Together, both FITC and acid-etched SEM imaging results demonstrate that dentin tubules are composed of numerous mini-branches throughout of the entire dentin tubules; and the density of dentin tubules adjacent to the tooth-pulp edge is much higher than that in the outer dentin matrix region near the enamel-dentin junction. This unique structure feature is likely essential for the mineralization process.
Distributions of mini-branches along with the entire odontoblast processes. a. The FITC confocal photograph image obtained from a 3-week-old mouse incisor, exhibiting numerous mini-dentin branches throughout the entire dentin layer with a large diameter and a high density at the edge close to the predentin layer; and b.
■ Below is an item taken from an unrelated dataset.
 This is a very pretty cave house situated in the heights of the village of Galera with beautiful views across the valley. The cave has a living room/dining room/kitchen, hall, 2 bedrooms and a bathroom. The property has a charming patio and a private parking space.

The 43-year-old 1st molar dentin displayed an identical distribution pattern of mini-branches along odontoblast-processes as that in the mouse incisor.
Because the existing theory of the mineralization front cannot explain the migration of mineral to outer dentin matrices from the pulp-end, we propose a new hypothesis based on the FITC and acid-etch SEM results presented above: dentin mineralization is odontoblast-processes dependent and occurs throughout the entire dentin matrix surrounding odontoblast-processes. To test this hypothesis, we first performed the double labeling assay in young mice with calcein injected at postnatal day 28 (P28), alizarin red at P33 (5 days apart), and harvested at P35. The confocal images displayed not only the expected two strong double labeled lines, the green line on the distal side and the red line adjacent to the dentin-predentin edge, but also many thin lines along with the dentin tubules (Fig 3a, and Supplementary Fig 1).
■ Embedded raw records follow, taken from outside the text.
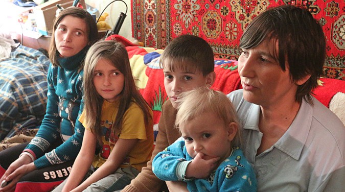 Tiene todas las características de un gueto de libro. Pese a ser de día, deambula gente bajo los efectos de la droga, o tirados en el asfalto. El ascensor ya estaba destruido antes de la guerra y el hueco se usa ahora como vertedero. El pequeño apartamento de dos habitaciones está cubierto por capas de ropa y cada centímetro libre se usa para dormir. Hay yeso en lugar de papel pintado, pero el lugar está limpio. En la oscuridad de una sala grande, una televisión muestra imágenes rojas y negras. Pasamos junto a una bolsa de fruta –naranjas, mandarinas- 11 de cada. Encontramos una esquina en la que sentarnos. La madre, Maya Zaratuychenko, nombra los niños y habla sobre una familia, la suya, difícil de comprender. Por edad, son prácticamente tres generaciones: David tiene un año y 10 meses; Bogdan, 12; Lera, 10; Kate, 2; Diana, 7; Christina, 20; Vick, 15; Yaroslav, 16; Nastia, 4; Alina, 3; Sofía, 1. Algunos de los niños están ahora en el hospital para un chequeo médico. Nos hablan de la guerra:
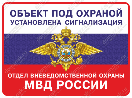 Табличка «Объект под охраной. Отдел вневедомственной охраны» изготавливается на основе из пластика ПВХ или оцинкованного металла.
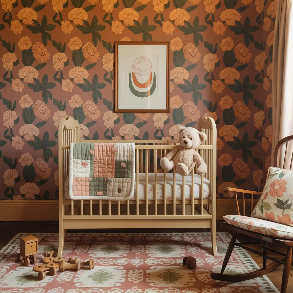 Retro floral nurseries take those bold, vintage flower patterns from the ’60s and ’70s and make them work for today. This isn’t your grandmother’s dusty rose garden – think big, bold blooms with serious vintage attitude. I went full retro floral for my friend’s nursery, and it’s basically a groovy time capsule.
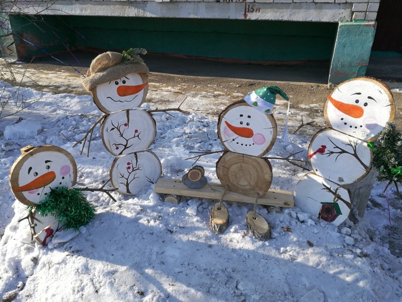 Во дворе или в саду можно разместить снеговика, собранного из деревянных пенёчков или чурок, подобрав их по размеру, придав округлую форму и покрасив. Собрать сказочного героя можно из камней.
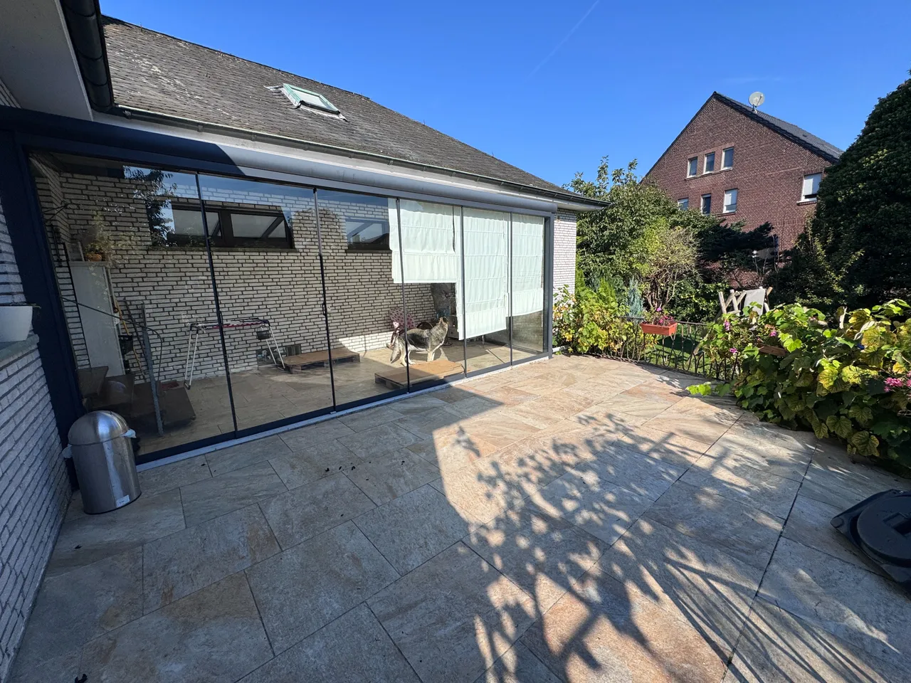 Von der Diele gelangen Sie über den Wintergarten direkt auf die Terrasse. Somit besteht die Möglichkeit, den umliegenden Garten auf vielfältige Weise zu nutzen. Der Garten verfügt derzeit über eine Sauna sowie ein Gartenhäuschen mit Überdachung, die auf Wunsch übernommen werden können (ebenso die Küche).
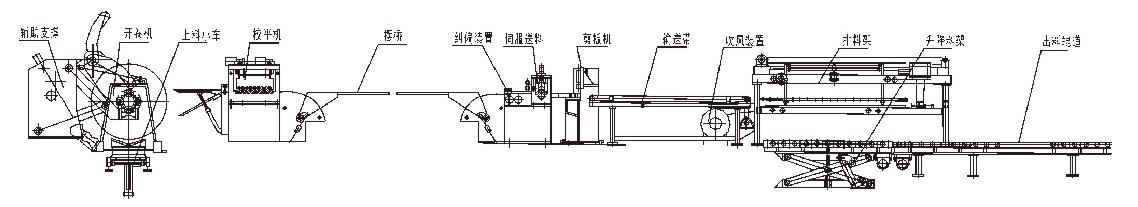 生產線主要由上料小車、開卷機、校平機、送料機構、剪板輸送裝置、堆垛裝置等組成。
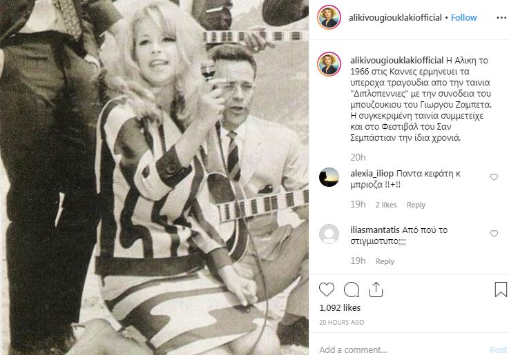 Στην πιο πρόσφατη ανάρτησή του, δημοσίευσε μια φωτογραφία της εθνικής σταρ της ελληνικής υποκριτικής τέχνης, στην οποία απεικονίζεται η Αλίκη Βουγιουκλάκη να ερμηνεύει ένα τραγούδι, κρατώντας ένα μικρόφωνο στο χέρι της. Η συγκεκριμένη εικόνα είναι ιστορικής σημασίας, καθώς ελήφθη κατά τη διάρκεια του φεστιβάλ Καννών το 1966, αποτυπώνοντας μια σημαντική στιγμή της καριέρας της.
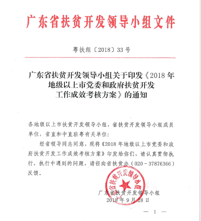 广东省扶贫开发领导小组关于印发《2018年地级以上市党委和政府扶贫开发工作成效考核方案》的通知(粤扶组【2018】33号)
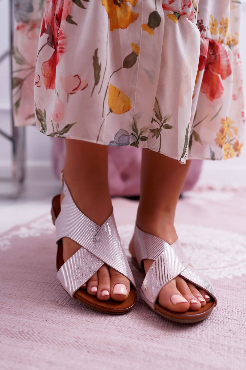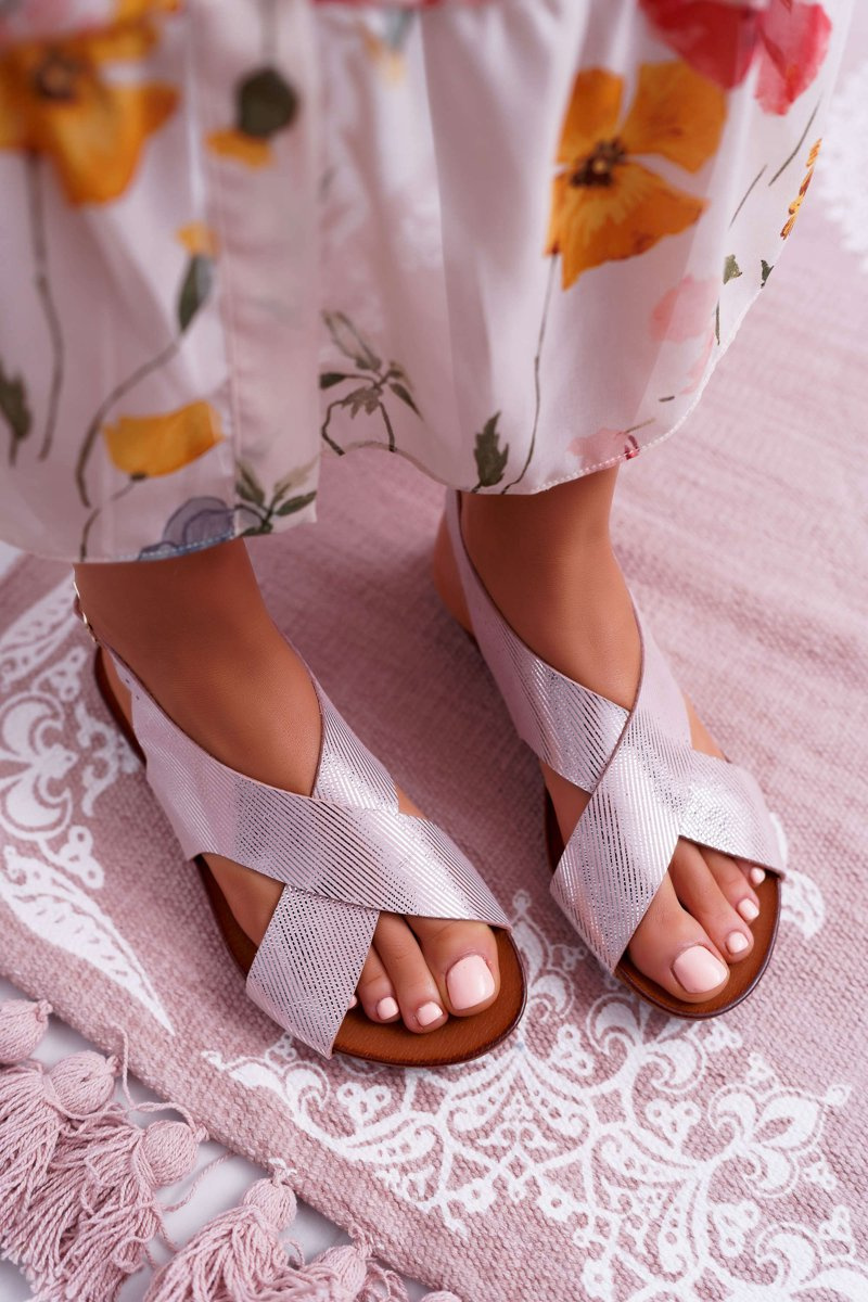 Sandały Damskie Płaskie Skórzane Laura Messi Różowe 1960

There are more dentinal tubules at the edge of the dentin layer adjacent to the pulp. a. The acid etched SEM image obtained from an 8-week-old incisor with frequent trim for a month displayed numerous dentin branches from the area adjacent to pulp (lower panel), middle (upper right panel) to the area adjacent to enamel (upper middle); and b. The quantitation of dentin tubular density revealed a “gradient” of dentin tubular numbers with a high density close to tooth pulp  and a low density toward to the enamel dentin joint area.
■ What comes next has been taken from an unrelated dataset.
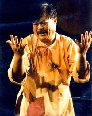 | Khán giả yêu sân khấu không thể quên hình ảnh Trương Ba trong vở Hồn Trương Ba, da hàng thịt do NSND Trọng Khôi thủ vai. |
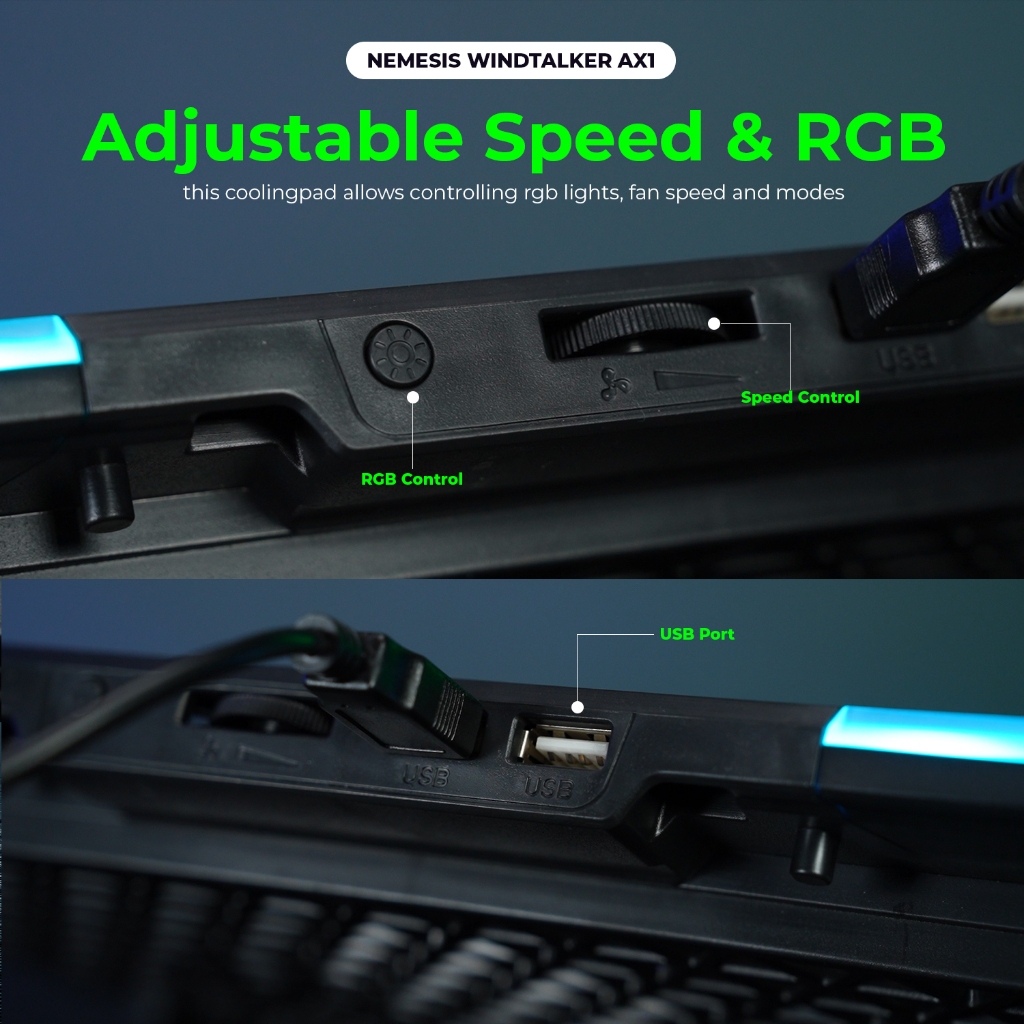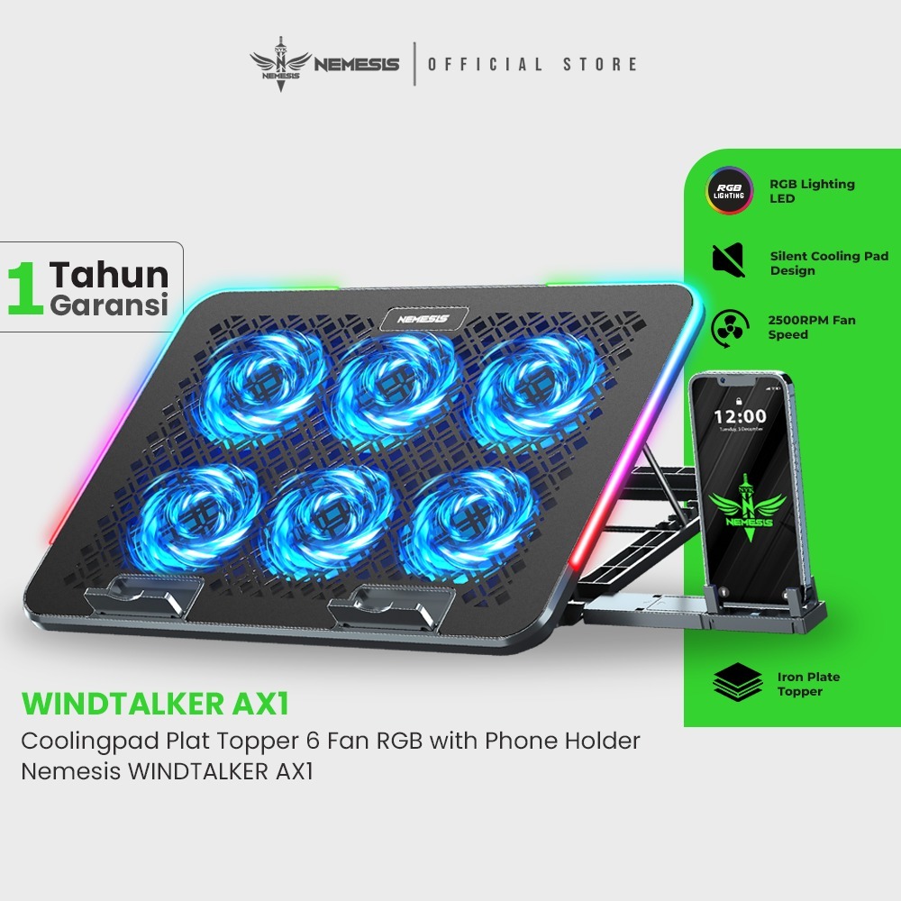 Cooling Pad Plat Topper 6 Fan RGB with Phone Holder Nemesis WINDTALKER AX1

Mineralization occurs along with odontoblast-processes. a. A schematic illustration of long interval injections of Calcein and Alizarin-red at -7 days and -2 days respectively (top left panel); the low magnification view of the cross section of incisor (top right panel) and the enlarged confocal view of numerous labeled odontoblast-processes with the green line on the top and red line at the bottom; and b. The confocal images of the 1st molar labeled with Calcein at -20 hours and Alizarin Red at -4 hours revealed a clear pattern of the mineral deposited along odontoblast-processes by the enlarged sagittal view (lower left panel), and the cross view (lower right panel). Of note, the only difference of the labelled mineral collars between the surface and the inside dentin is the diameter and density of odontoblast processes. As a result of the merged mineral collars on the surface, the mineralization front is observed.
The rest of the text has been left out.